Indien de lidstaat geen gevolg geeft aan het met redenen omkleed advies kan de Commissie besluiten de zaak aan het Hof van Justitie van de Europese Gemeenschappen voor te leggen.

Artikel 228 van het Verdrag geeft de Commissie de bevoegdheid om stappen te ondernemen tegen een lidstaat die een arrest van het Hof van Justitie van de Europese Gemeenschappen niet nakomt. Op grond van dit artikel kan de Commissie het Hof verzoeken de betrokken lidstaat een financiële sanctie op te leggen.
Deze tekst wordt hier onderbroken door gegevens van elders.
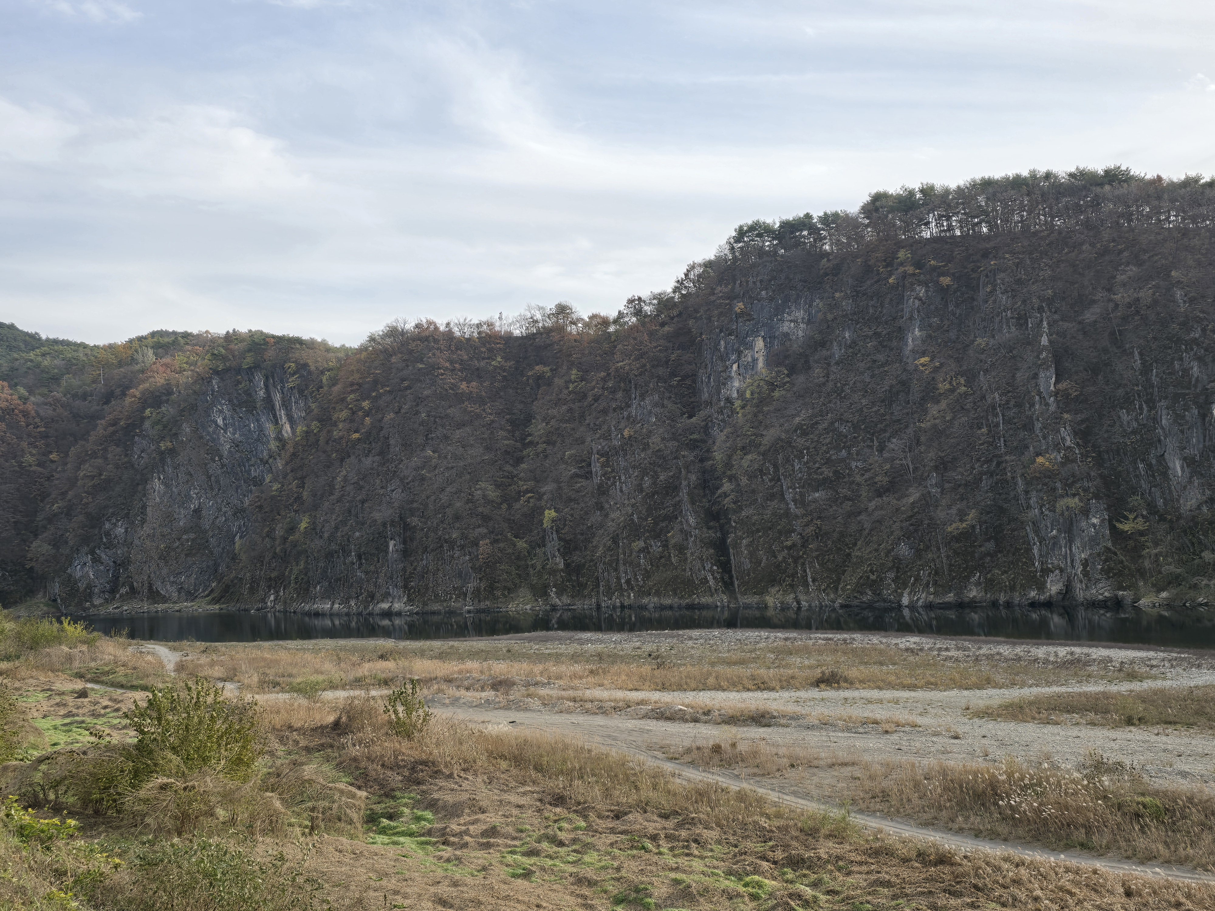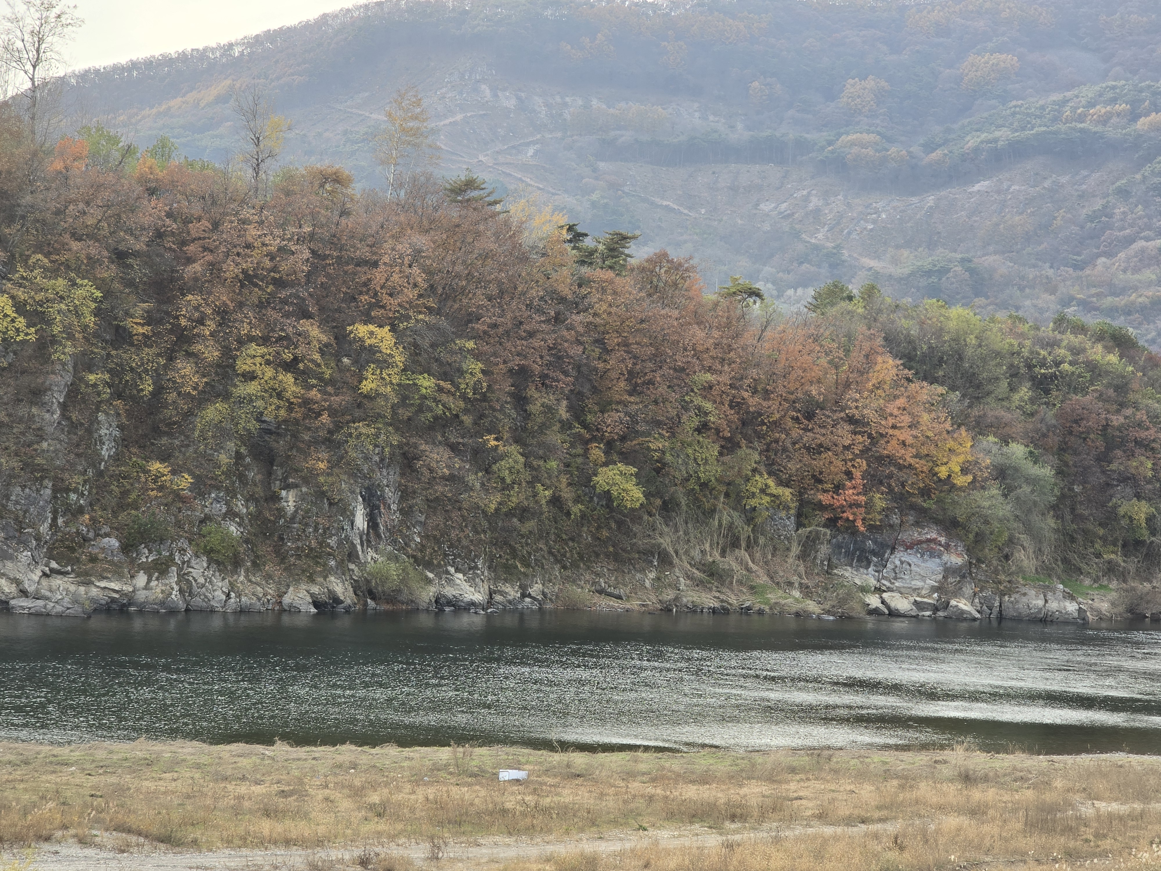 온달산성과 구인사에 가까운 거리에 있는 영춘북벽을 찾았다. 영춘북벽은 강변에 깎아 지른 듯한 절벽이 병풍처럼 400m 이어진 기암 절벽이이다. 지금까지 단양 남한강 길을 달려오면서 많이 본 바위 절벽과 비슷하다. 자연의 힘과 원리란 언제 보아도 위대하다. 유네스코 세계지질공원 석회암과 바위절벽. 강변에 주차를 하고 정자에 올라 절벽을 한참동안 바라보다 돌아왔다. 근거리에 있는 구인사 단풍을 구경하고 단풍으로 유명한 보발재를 넘었다. 역시 명불허전. 붉게 물든 단풍들의 사열을 받으며 꼬불꼬불 길을 올라갔다. 절정은 보발재 전망대에서 내려다보는 단풍이다. 자연에 인간의 생각을 조금만 보태면 이런 멋진 풍광을 연출할 수 있는 것이다.

Nadere gegevens over inbreuken in het algemeen zijn te vinden op:

http://europa.eu.int/comm/secretariat_general/sgb/droit_com/index_en.h tm#infractions

(1)
Richtlijn 76/464/EEG van de Raad betreffende de verontreiniging veroorzaakt door bepaalde gevaarlijke stoffen die in het aquatisch milieu van de Gemeenschap worden geloosd.

(2)
Richtlijn 91/676/EEG van de Raad inzake de bescherming van water tegen verontreiniging door nitraten uit agrarische bronnen.

(3)
Richtlijn 91/271/EEG van de Raad inzake de behandeling van stedelijk afvalwater .

(4)
Richtlijn 80/778/EEG van de Raad betreffende de kwaliteit van voor menselijke consumptie bestemd water.

(5)
Richtlijn 76/160/EEG van de Raad van 8 december 1975 betreffende de kwaliteit van het zwemwater.